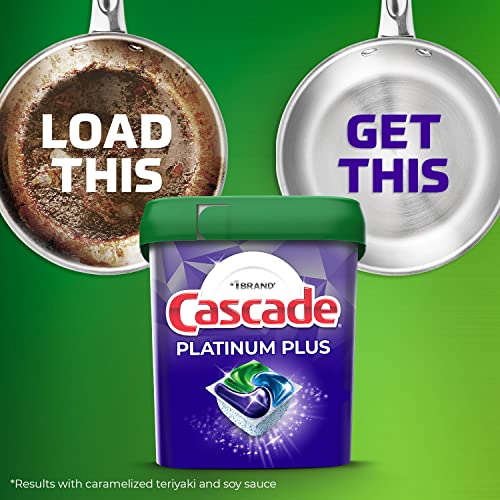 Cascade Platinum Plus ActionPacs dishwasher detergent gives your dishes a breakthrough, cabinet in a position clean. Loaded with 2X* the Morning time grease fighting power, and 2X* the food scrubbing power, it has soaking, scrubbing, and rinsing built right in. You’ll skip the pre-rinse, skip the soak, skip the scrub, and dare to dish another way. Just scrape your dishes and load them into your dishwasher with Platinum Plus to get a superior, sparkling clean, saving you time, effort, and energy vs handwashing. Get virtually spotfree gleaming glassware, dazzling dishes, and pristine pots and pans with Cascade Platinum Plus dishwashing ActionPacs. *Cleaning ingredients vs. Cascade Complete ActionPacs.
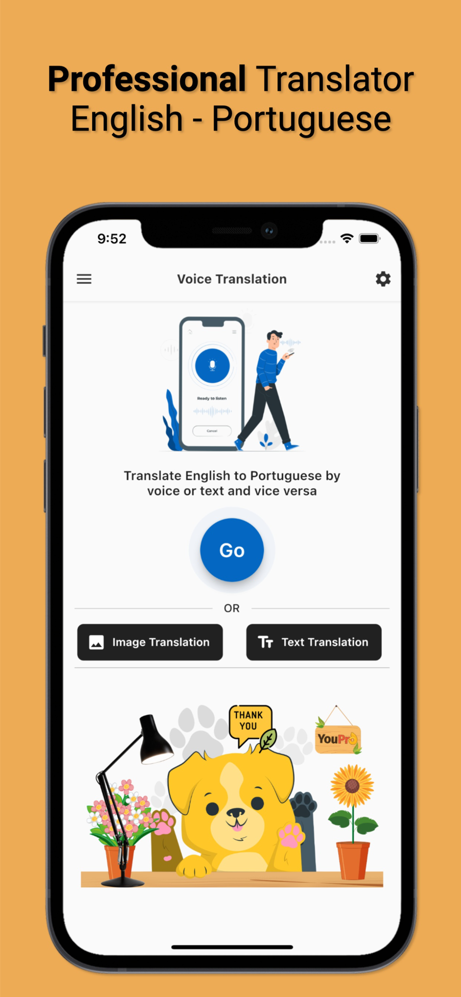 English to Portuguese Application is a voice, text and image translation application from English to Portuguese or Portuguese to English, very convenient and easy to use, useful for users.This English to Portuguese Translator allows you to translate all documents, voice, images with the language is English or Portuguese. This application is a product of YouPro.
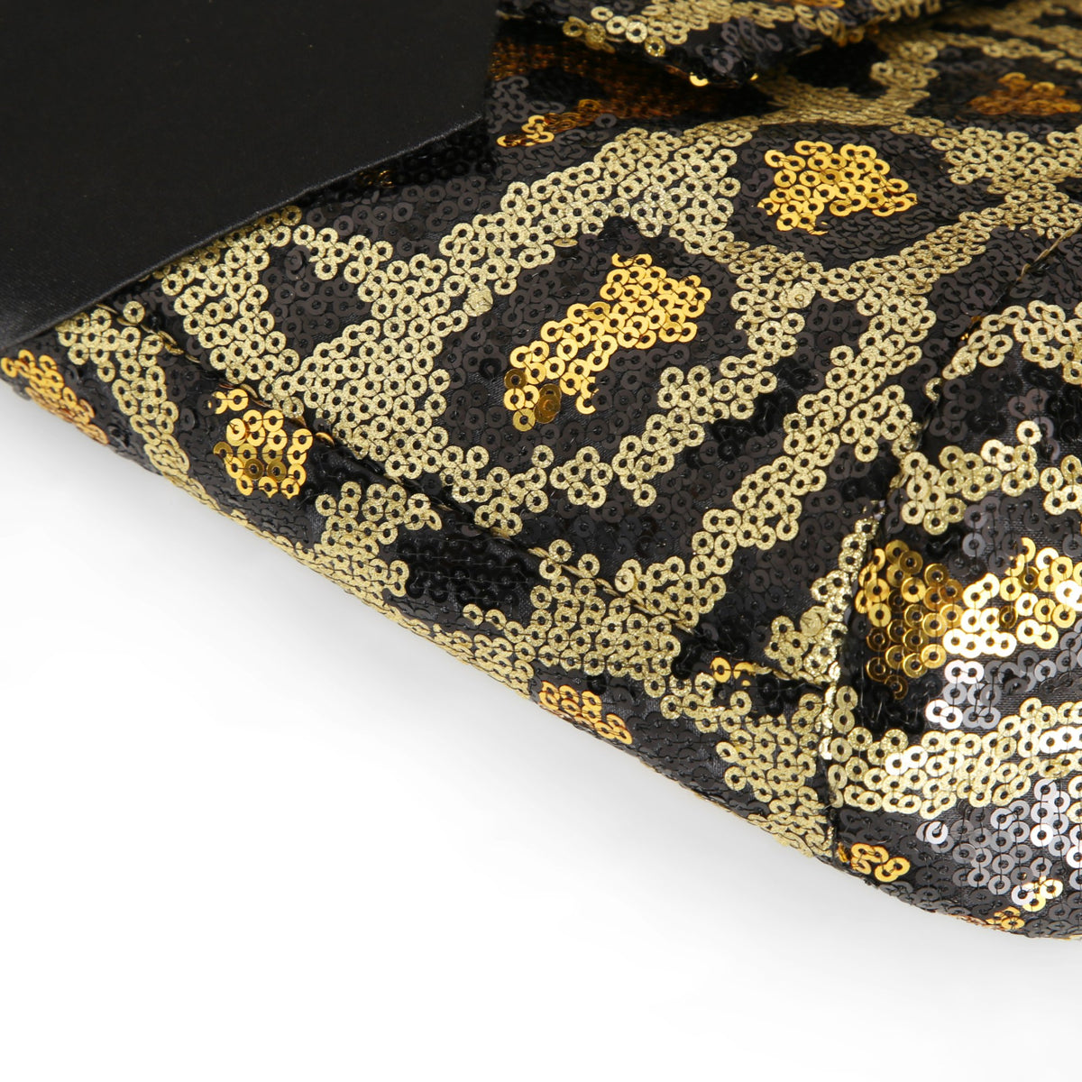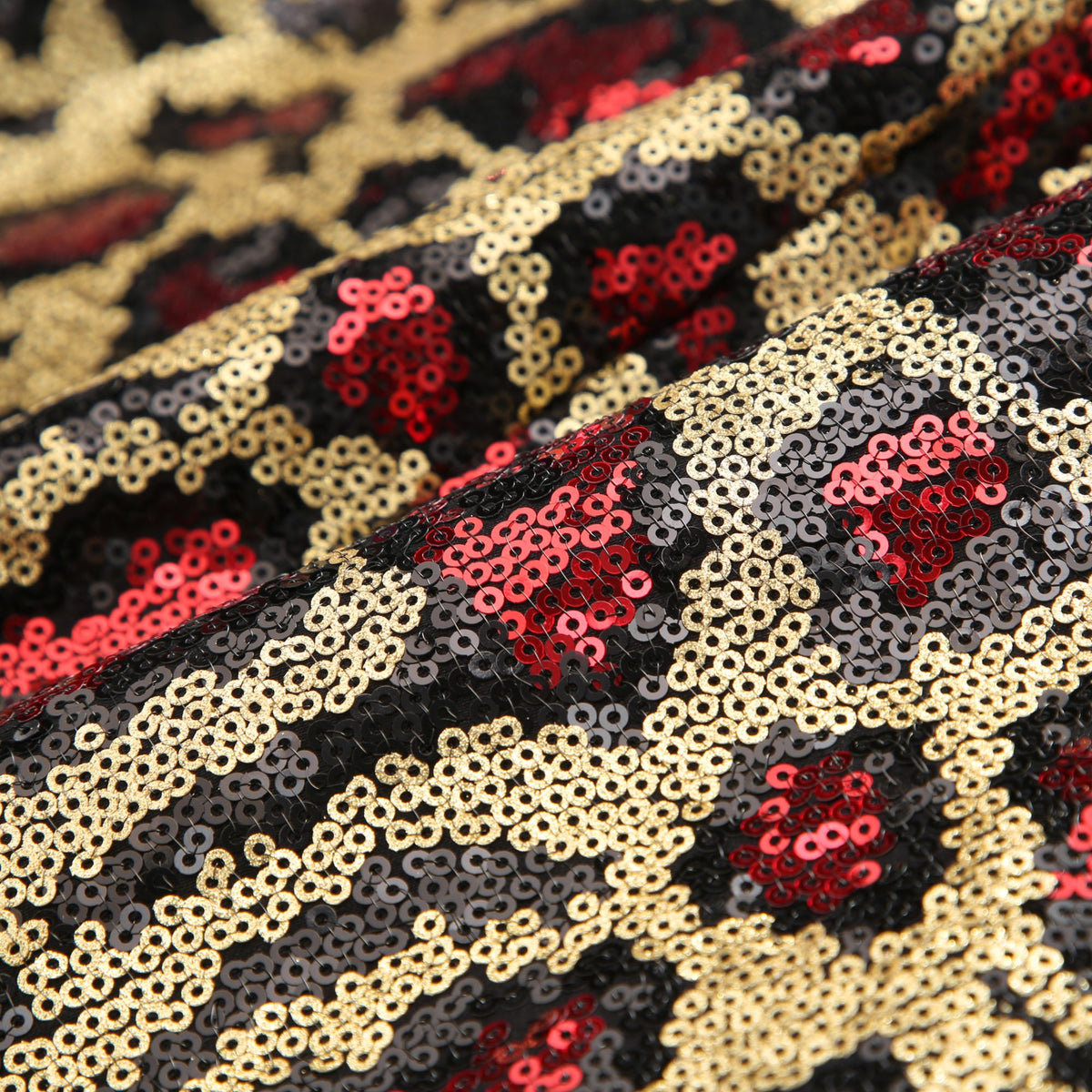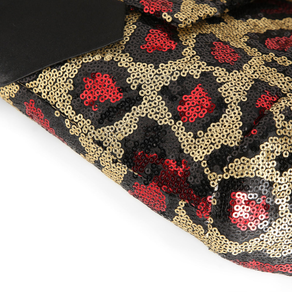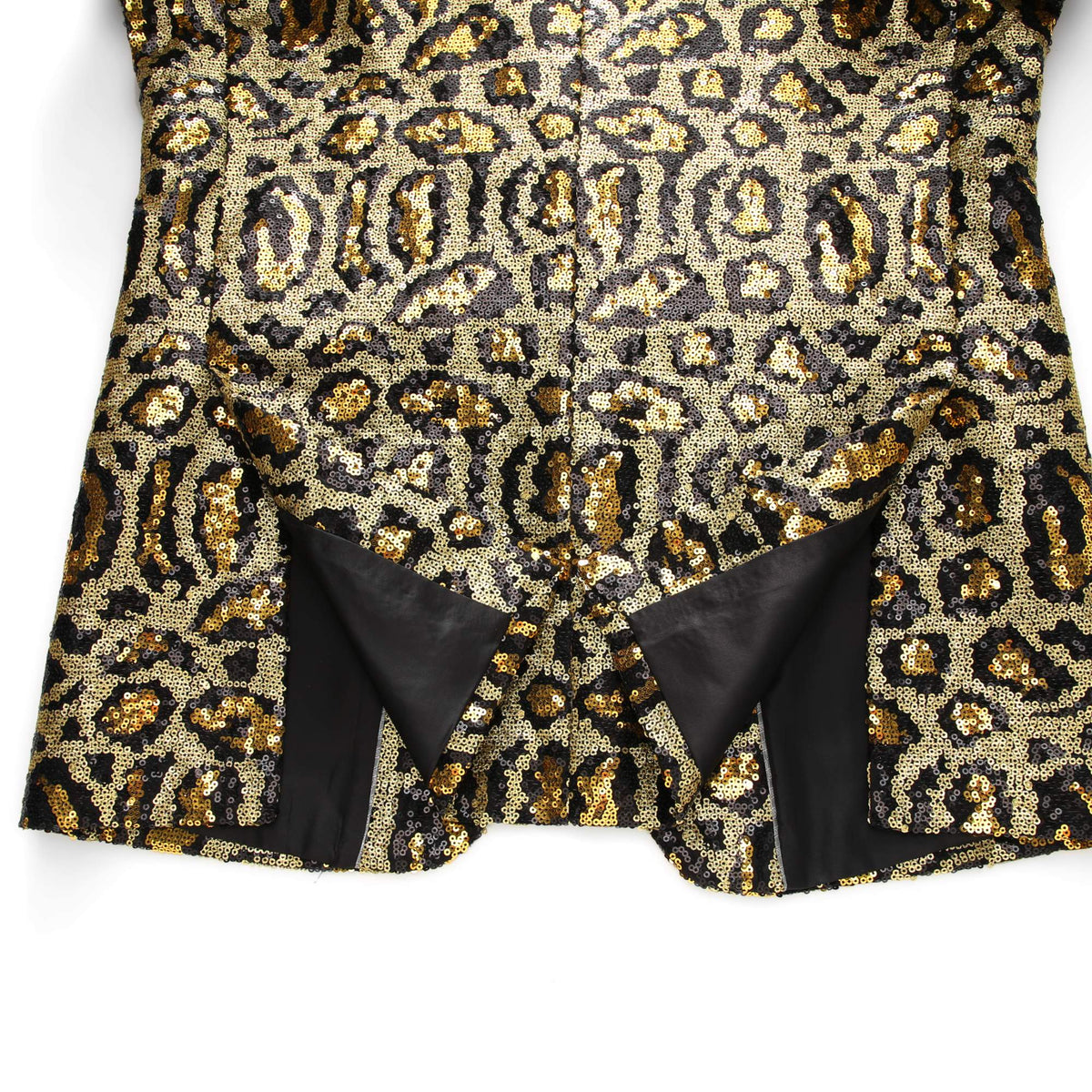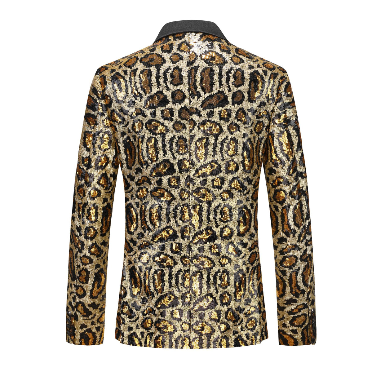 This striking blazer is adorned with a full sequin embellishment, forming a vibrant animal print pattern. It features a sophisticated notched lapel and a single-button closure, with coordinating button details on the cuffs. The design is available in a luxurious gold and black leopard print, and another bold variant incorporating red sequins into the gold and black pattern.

---

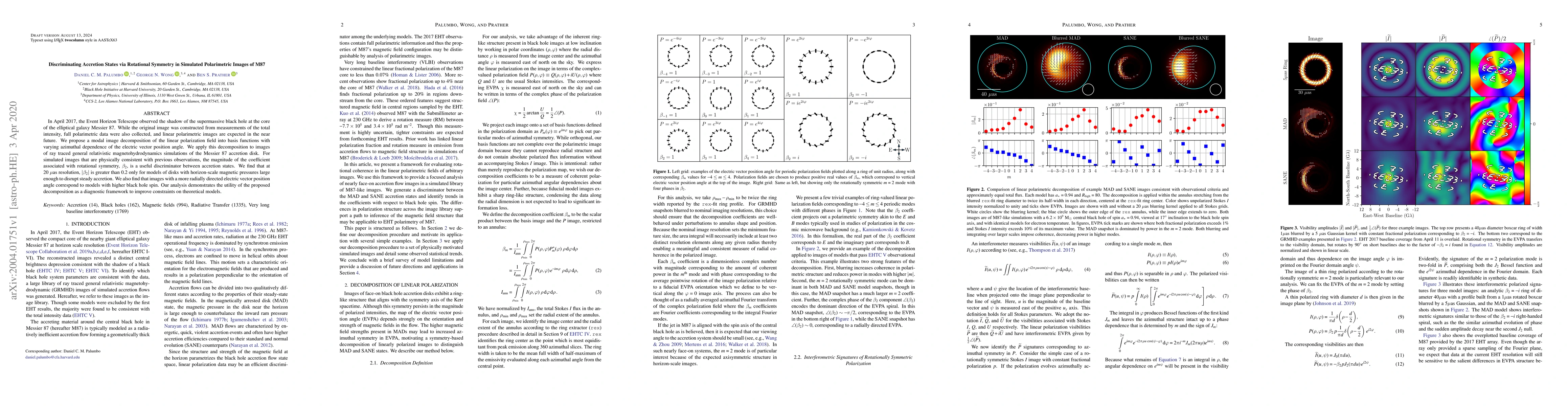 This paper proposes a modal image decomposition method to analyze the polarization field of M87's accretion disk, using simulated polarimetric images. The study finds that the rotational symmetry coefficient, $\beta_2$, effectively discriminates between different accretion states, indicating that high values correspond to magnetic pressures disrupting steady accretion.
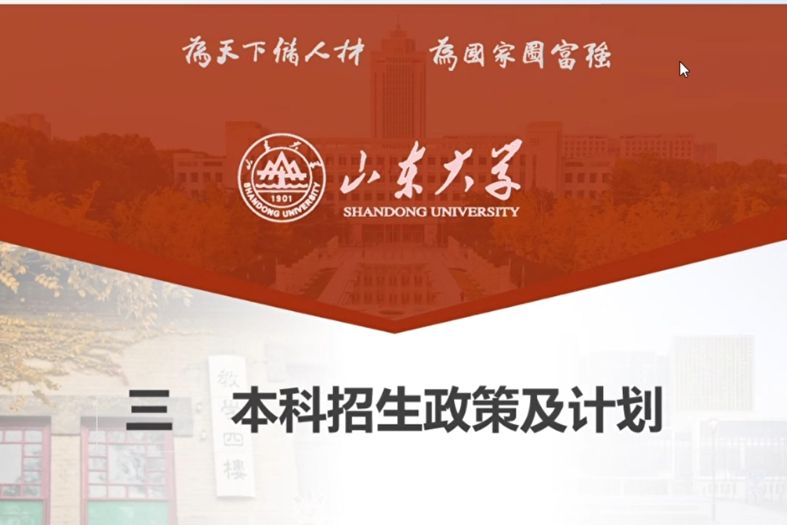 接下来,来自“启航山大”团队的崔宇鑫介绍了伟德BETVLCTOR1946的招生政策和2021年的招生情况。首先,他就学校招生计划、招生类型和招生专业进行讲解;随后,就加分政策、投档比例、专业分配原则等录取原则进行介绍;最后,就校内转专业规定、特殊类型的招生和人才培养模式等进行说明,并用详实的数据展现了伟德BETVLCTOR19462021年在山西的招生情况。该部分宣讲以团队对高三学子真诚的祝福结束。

About this exercise –
Treat the line with "Cascade Platinum Plus ActionPacs" as the start and the line with "English to Portuguese Application" as the end, and return exactly that span of the data above, both ends included, without pictures.

Exercise solution –
 Cascade Platinum Plus ActionPacs dishwasher detergent gives your dishes a breakthrough, cabinet in a position clean. Loaded with 2X* the Morning time grease fighting power, and 2X* the food scrubbing power, it has soaking, scrubbing, and rinsing built right in. You’ll skip the pre-rinse, skip the soak, skip the scrub, and dare to dish another way. Just scrape your dishes and load them into your dishwasher with Platinum Plus to get a superior, sparkling clean, saving you time, effort, and energy vs handwashing. Get virtually spotfree gleaming glassware, dazzling dishes, and pristine pots and pans with Cascade Platinum Plus dishwashing ActionPacs. *Cleaning ingredients vs. Cascade Complete ActionPacs.
 English to Portuguese Application is a voice, text and image translation application from English to Portuguese or Portuguese to English, very convenient and easy to use, useful for users.This English to Portuguese Translator allows you to translate all documents, voice, images with the language is English or Portuguese. This application is a product of YouPro.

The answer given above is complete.